Recon 10 speed cassettes (especially alloy) are garbage and their customer service is even worse. For starters, the e-mail reply is slow and the phone # is for Taiwan. Are you going to call Taiwan just to get worthless customer service? After quite a long wait, I finally received an argumentative e-mail reply blaming me for the cassette breaking. I used a Recon gold alloy on one ride and it broke. I was not shifting under load, carelessly, or improperly. When I asked about a warranty replacement, I was essentially told I did not know how to ride and that is what broke the cassette. The reply said, "You are not a good fit for alloy cassettes." These cassettes shift okay with a new chain and new front crank, but not anywhere near as crisp as a SRAM or Shimano cassette. Five teeth broke off the second smallest cog. Stay away from this company's products. The weight savings is not worth throwing your money away.


----------



## mann2 (Oct 16, 2012)

I saw these cassettes in one of the local LBSs, the shop owner basically told me it was crap and advised against it


----------



## demonrider (Jul 18, 2012)

djconnel said:


> I love my Recon cassettes: I've got two, 12-23 and 12-27. For short hillclimbs they're great. I clean my chain before using them. I don't use them in crappy conditions. They're super-light, a small fraction the cost of other top-level cassettes, and for training rides who cares about 100 grams anyway? I get low-cost weight savings when I need it and for that these are perfect. For "put it on and forget about it" you should be using Ultegra/Rival level stuff.


To each his own; because to me that makes no sense. I can get at least _two_ Ultegra 6700 cassettes for the price of one of these Recons. But I assume by "top-level cassettes" you mean something like a Dura Ace Ti cassette, even then; ~$160+ is *not* a small fraction of ~$230; and for what, all to save some 50g over the DA cassette and barely 100g over Ultegra. To top it all off, they seem to shift much worse than Shimano cassettes.

Does not compute.


----------



## nhluhr (Sep 9, 2010)

mpcbike said:


> All cassettes in US market had a tarrif(sp?) placed on them earlier this year(not kidding). $67 with free shipping is better than I can buy a new 6700 cassette for at wholesale. $75 doesn't make enough margin on a 105/1050 cassette at current wholesale prices to be worthwhile.
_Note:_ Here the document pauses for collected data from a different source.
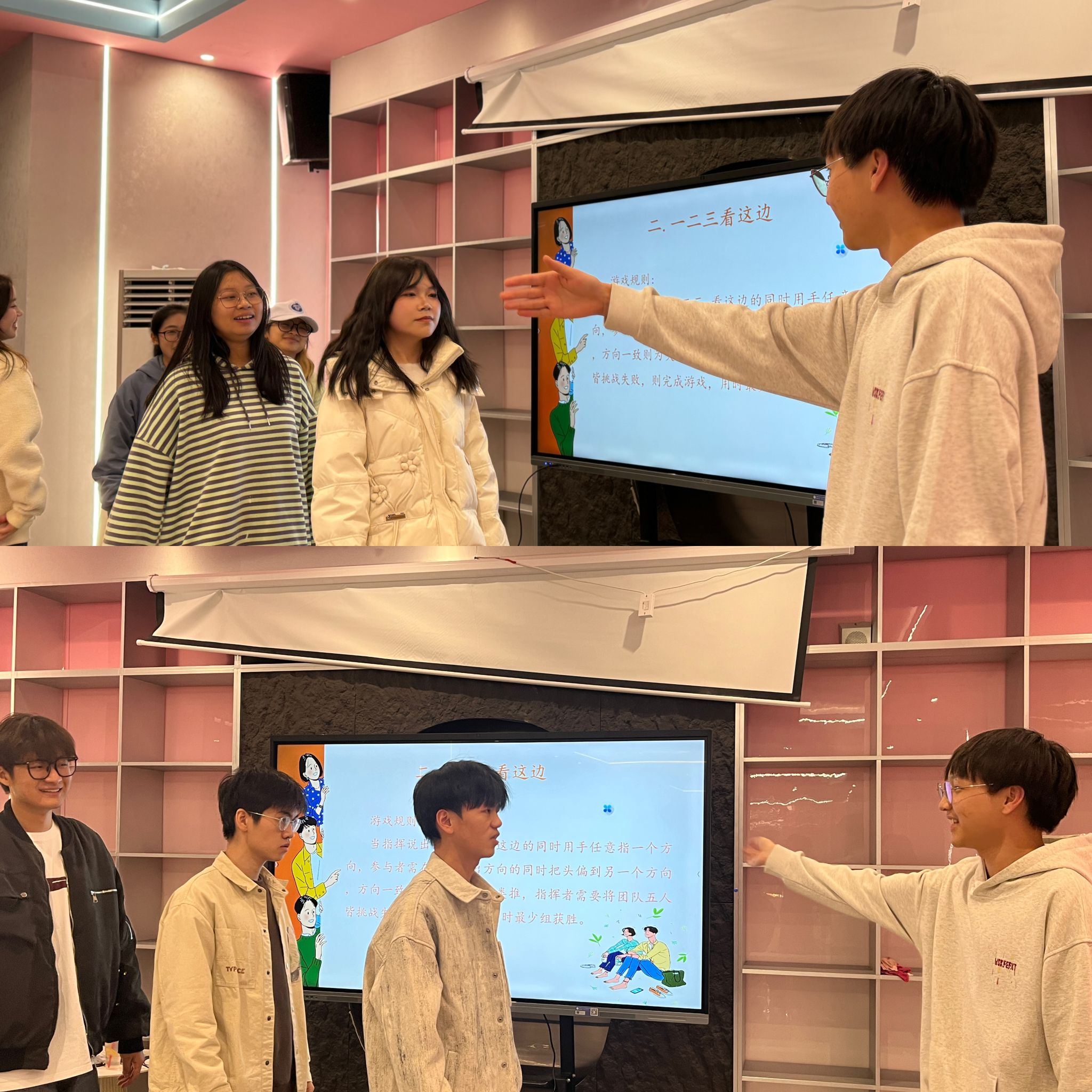 随后进行第二个游戏。此游戏在团体中进行,能够促进参与者之间的社交互动,增强团队合作精神。游戏简单易学,趣味性强,也能够为活动增添乐趣,使气氛更加活跃。同学们的目光随着指挥者的口令与手势转动。此游戏不仅能够锻炼同学们的反应速度和敏捷性,还可以作为一种轻松的社交活动,帮助同学们巩固社交关系,减轻压力和焦虑。此游戏需要多人参与,有助于增进同学们之间的交流和互动,增强社交技能。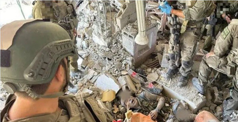 ويظهر في الصورة التي نشرتها وسائل الإعلام الإسرائيلية عددا من الجنود الإسرائيليين يحيطون بجثة يحيى السنوار داخل مبنى في تل السطان في رفح.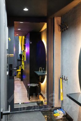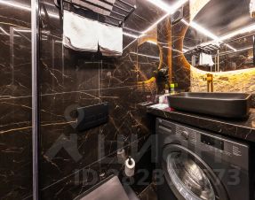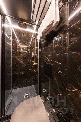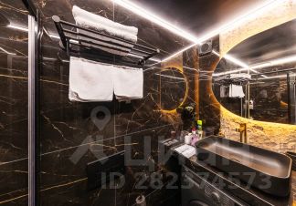 Аппартаменты с высокими потолками и уникальным дизайном. Стильная ванная комната с черным мрамором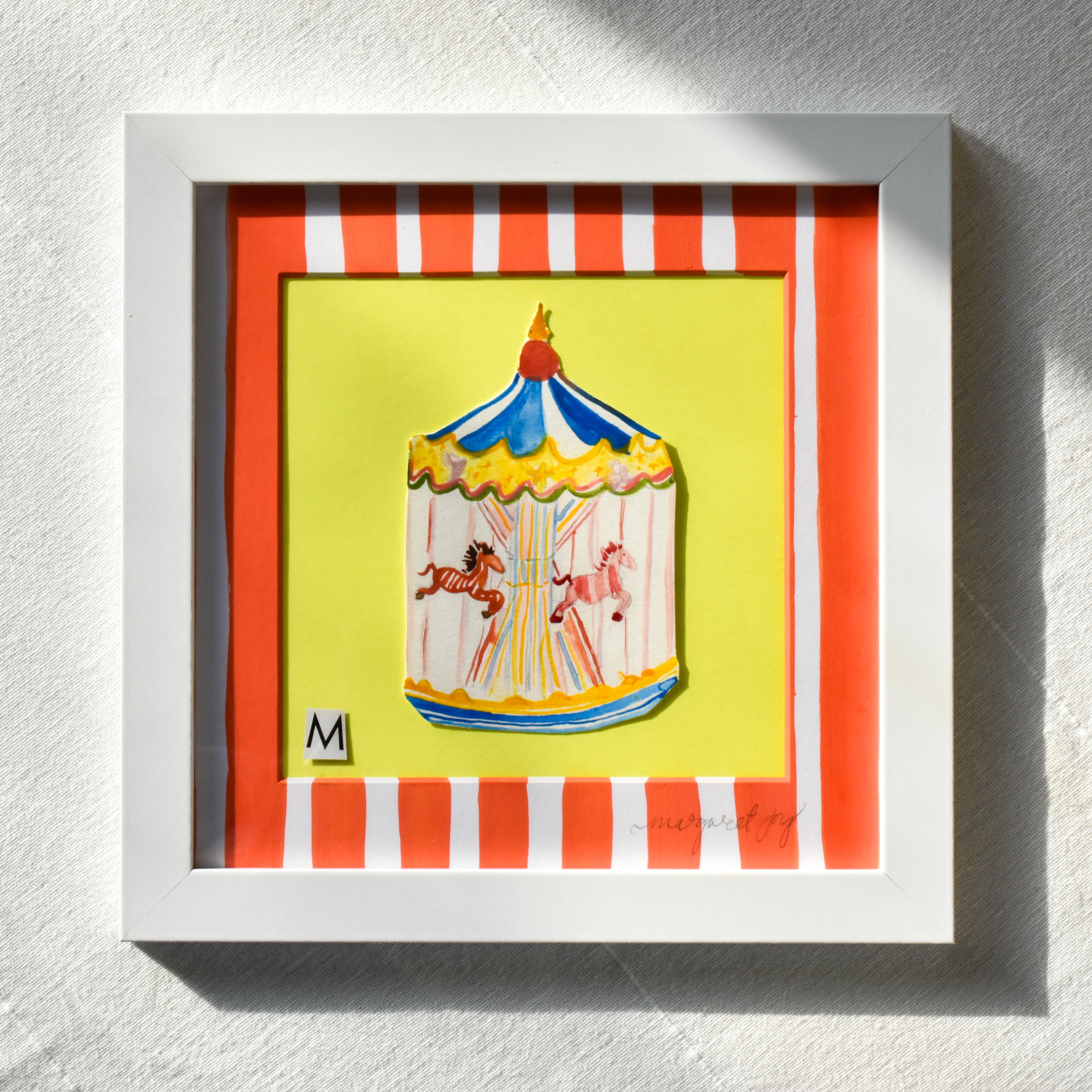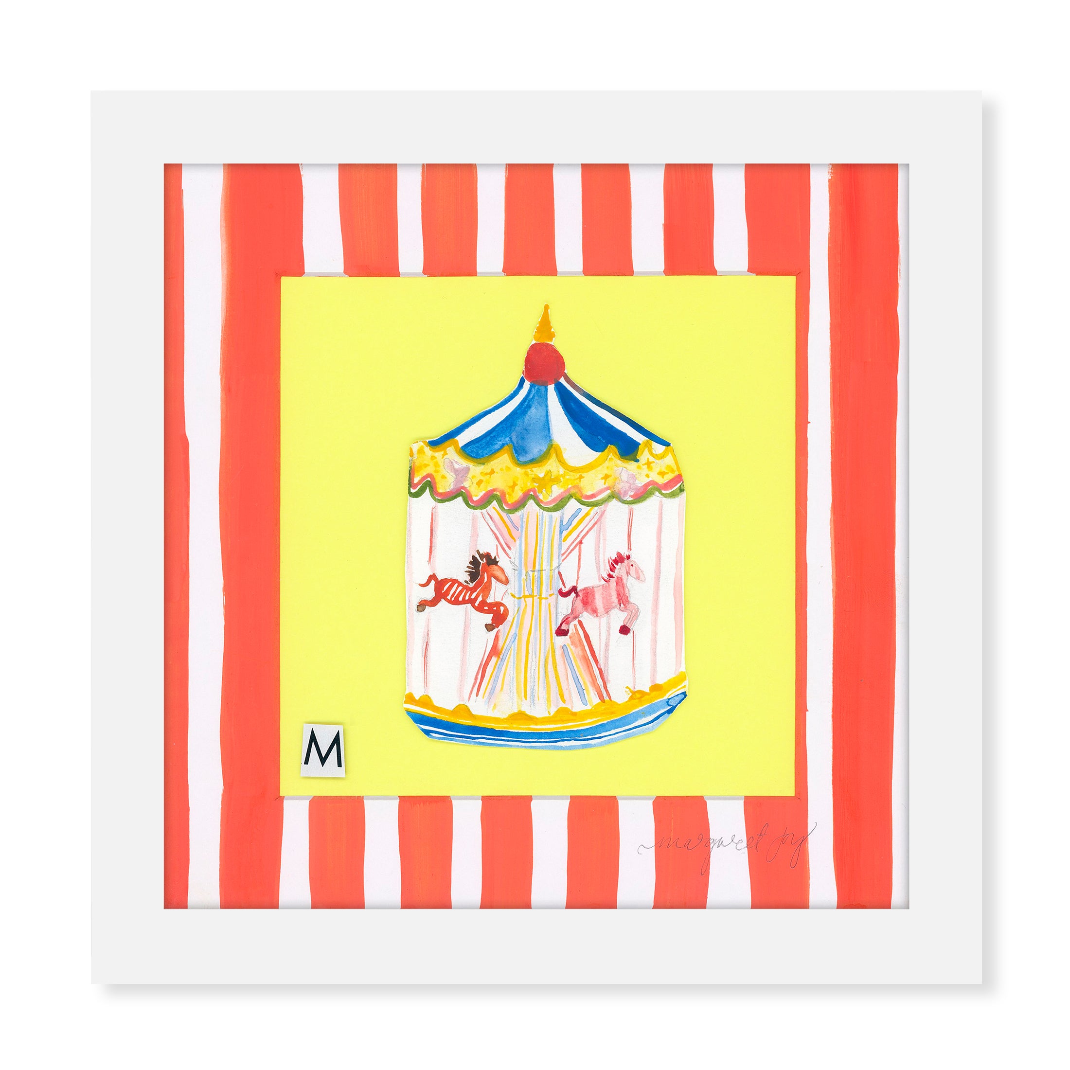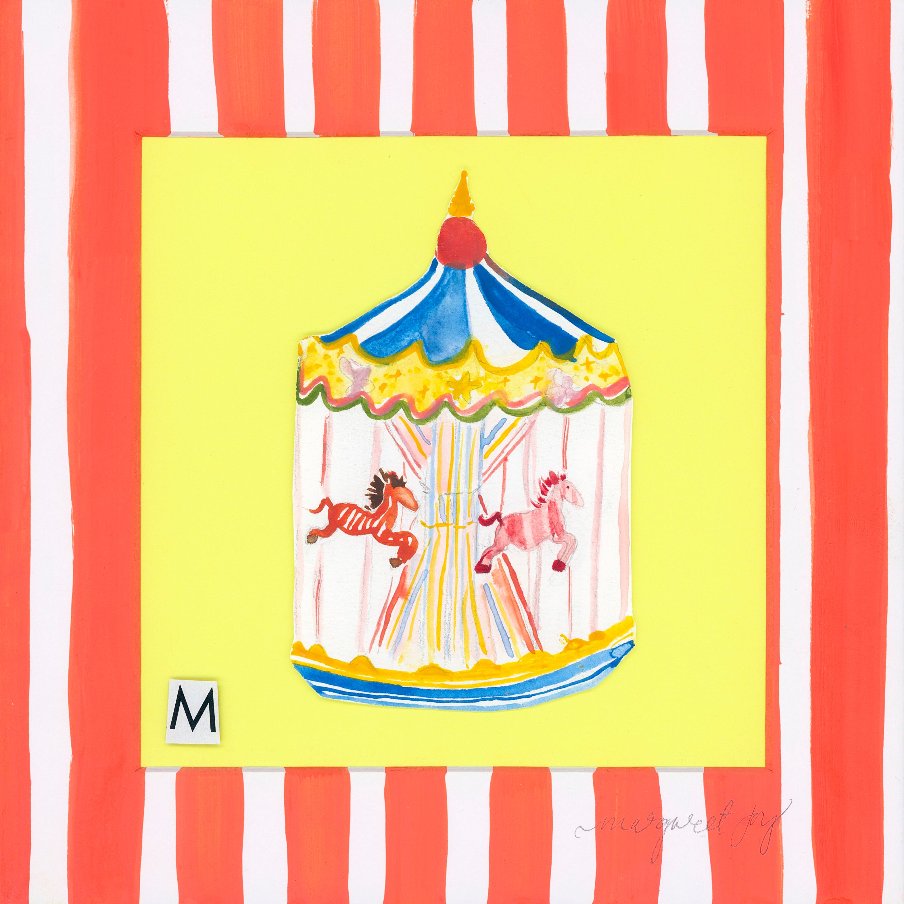 Step into nostalgia with this whimsical piece from the "MJ & Friends Vol. 1" collection. This playful yet elegant watercolor artwork captures the timeless magic of a classic merry-go-round through a unique blend of watercolor and mixed media elements. Perfect for anyone who cherishes childhood memories or appreciates whimsical art, this piece celebrates the intersection of nostalgia and artistic expression.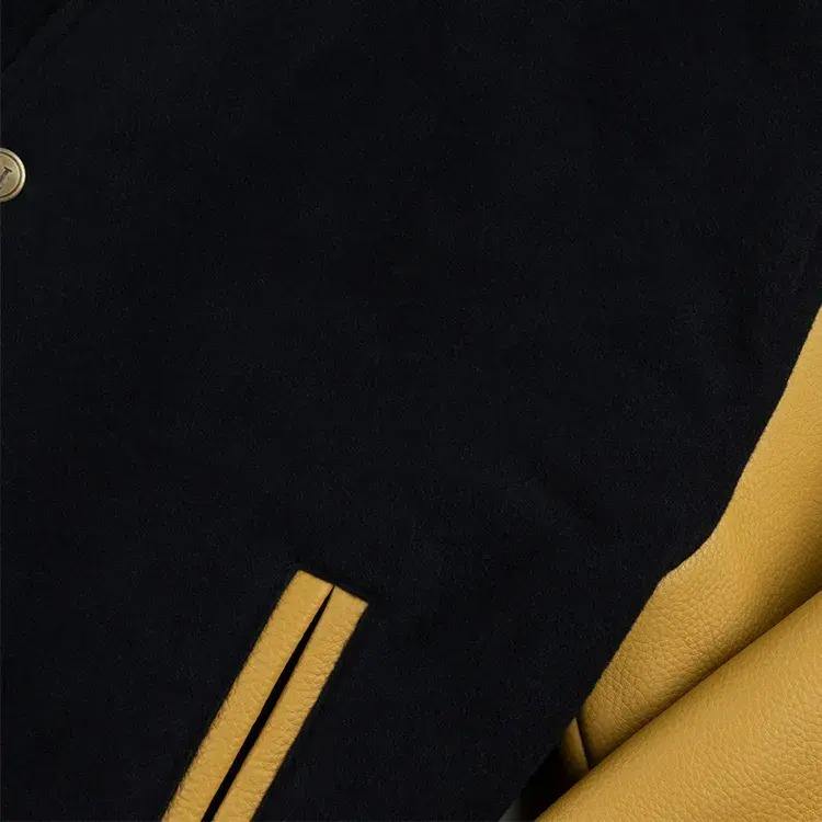 แจ็กเก็ตขนสัตว์คุณภาพสูงสำหรับผู้ชาย, แจ็กเก็ตฤดูหนาวพร้อมคอตั้งดีไซน์ตามสั่งปักด้วยหนังสไตล์เลตเทอร์แมน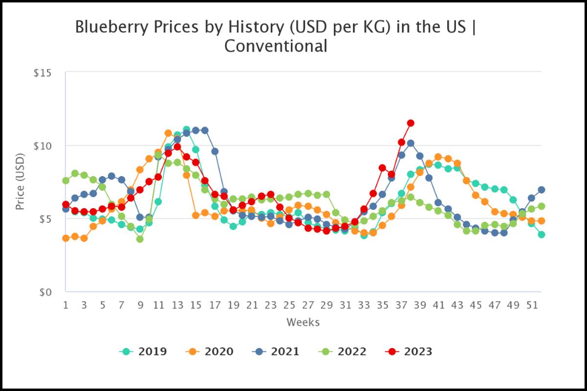 Na załączonym wykresie wyraźnie widać jak tegoroczne stawki (czerwona linia z punktami) wyróżniają się od poprzednich sezonów. Od początku miesiąca importerzy w USA płacą za peruwiańskie borówki ponad 46 zł/kg (11 usd/kg). W Europie ceny są nieco wyższe. Aktualnie na rynku hurtowym w Broniszach kilogram importowanych jagód kosztuje 75,00 - 80,00 zł. Opisywana sytuacja utrzyma się w USA, a także w Europie i w Polsce co najmniej do końca października.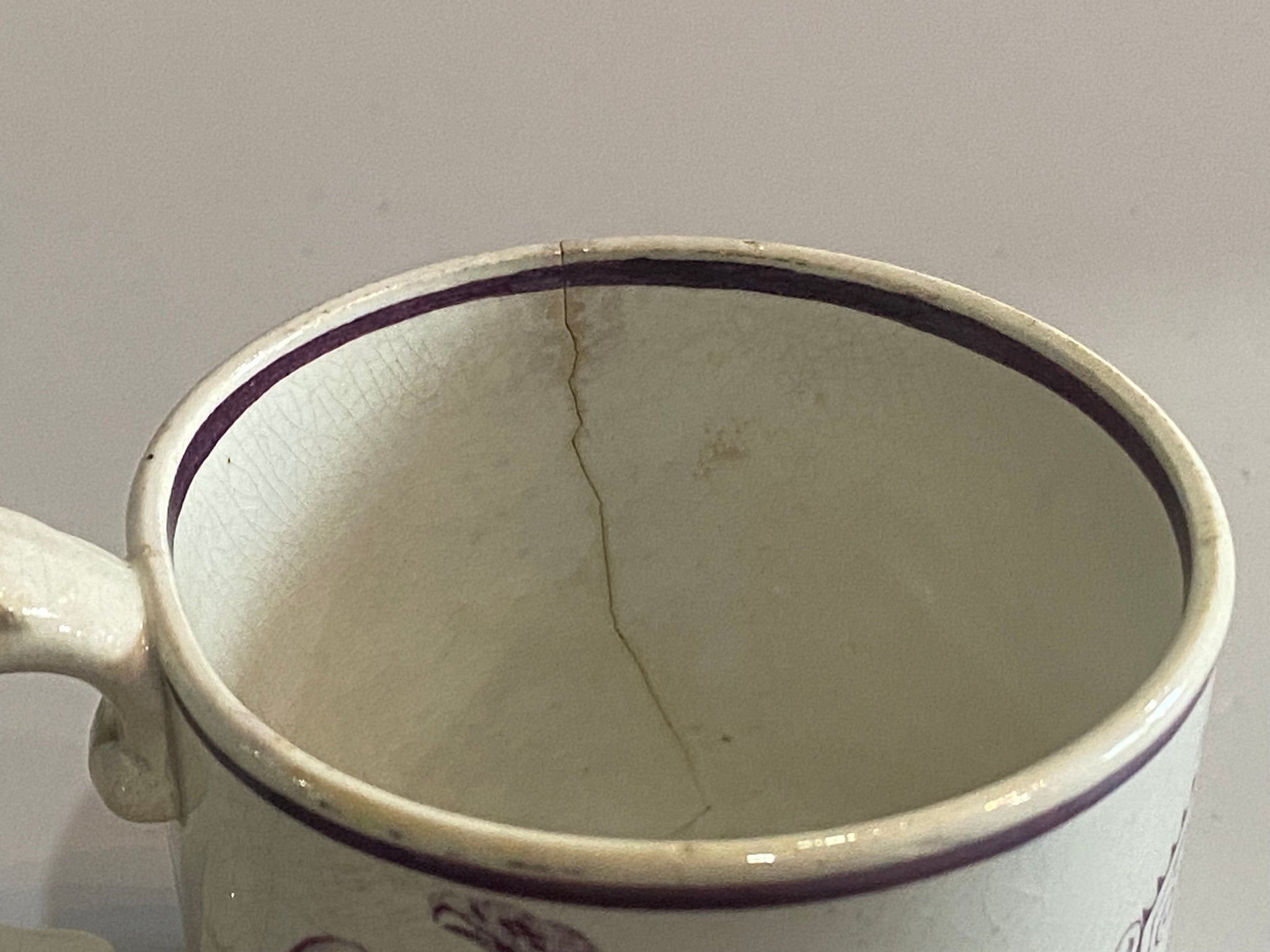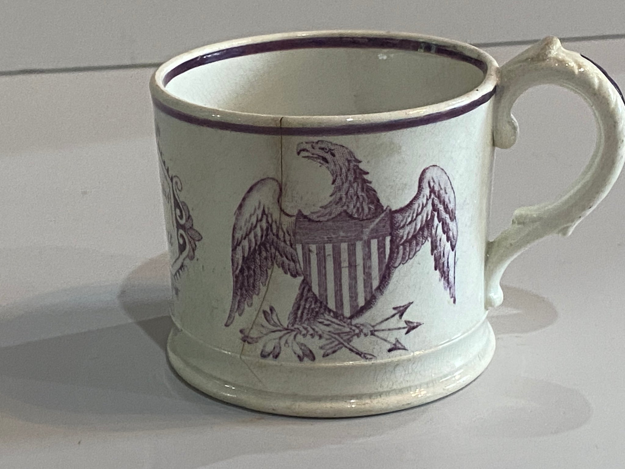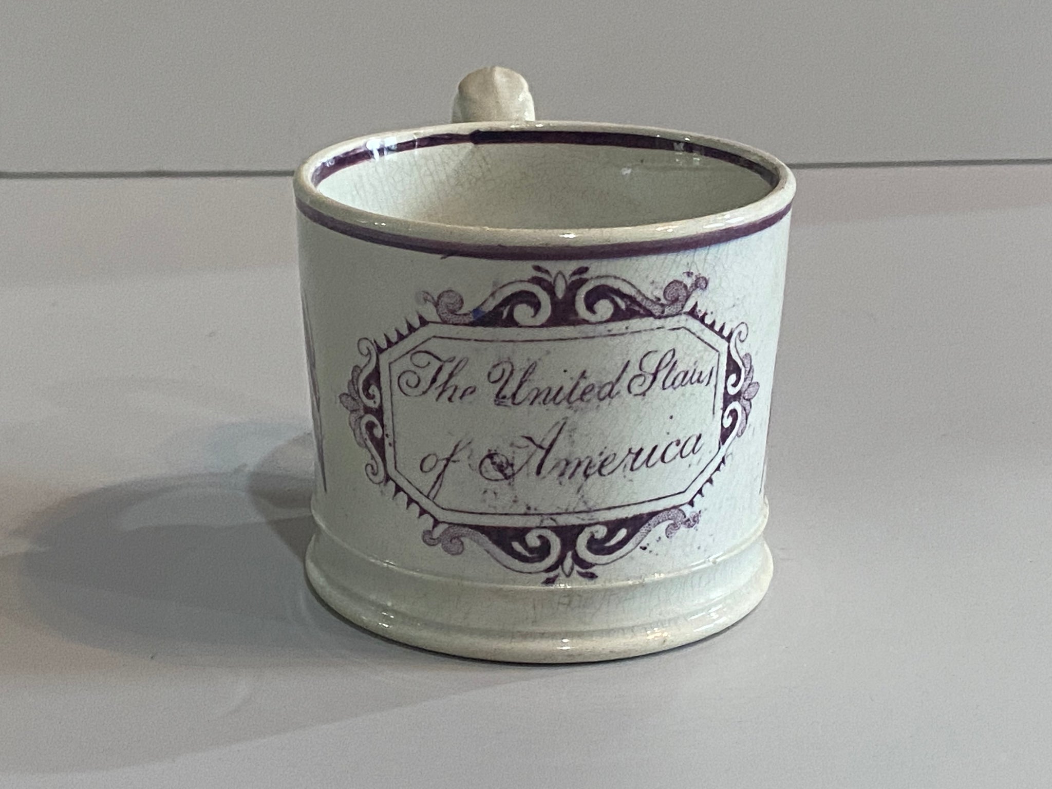 Staffordshire Childs mug with “The United States of America” surrounded by Eagles and Shields. Displays well but does have an hairline on the side. It measures 2 3/8” tall and dates circa 1830’s.

You need to find a new wholesaler.


----------



## djconnel (May 7, 2006)

I'm just glad I didn't read this thread before getting first a 12-23 and then a 12-27, because they've been fantastic for me, and wear life is more than sufficient for my use, which is only timed hillclimbs. They're a cheap way to save grams when they count. But you don't need to listen to me: feel free to listen to those who say they suck.


----------



## svard75 (Jun 10, 2011)

djconnel said:


> I'm just glad I didn't read this thread before getting first a 12-23 and then a 12-27, because they've been fantastic for me, and wear life is more than sufficient for my use, which is only timed hillclimbs. They're a cheap way to save grams when they count. But you don't need to listen to me: feel free to listen to those who say they suck.


How is $99 for a cassette cheap when you can buy an ultegra for less and it lasts 4 times as long?


----------



## djconnel (May 7, 2006)

It's cheap on a $/gram saved basis relative to other options which are commercially successful. If you don't care about grams, then great -- you can save a lot of money on your bike.

That ultegra cassette is over 100 grams heavier. Try buying a frame 100 grams lighter and see what that costs.


----------



## Dunbar (Aug 8, 2010)

100 grams isn't all that much to save given you have to add/remove the cassette before every race and then replace them in a few hundred miles when they wear out. You'd have to be a super weight weenie not to save such a small amount of weight elsewhere on the bike.


----------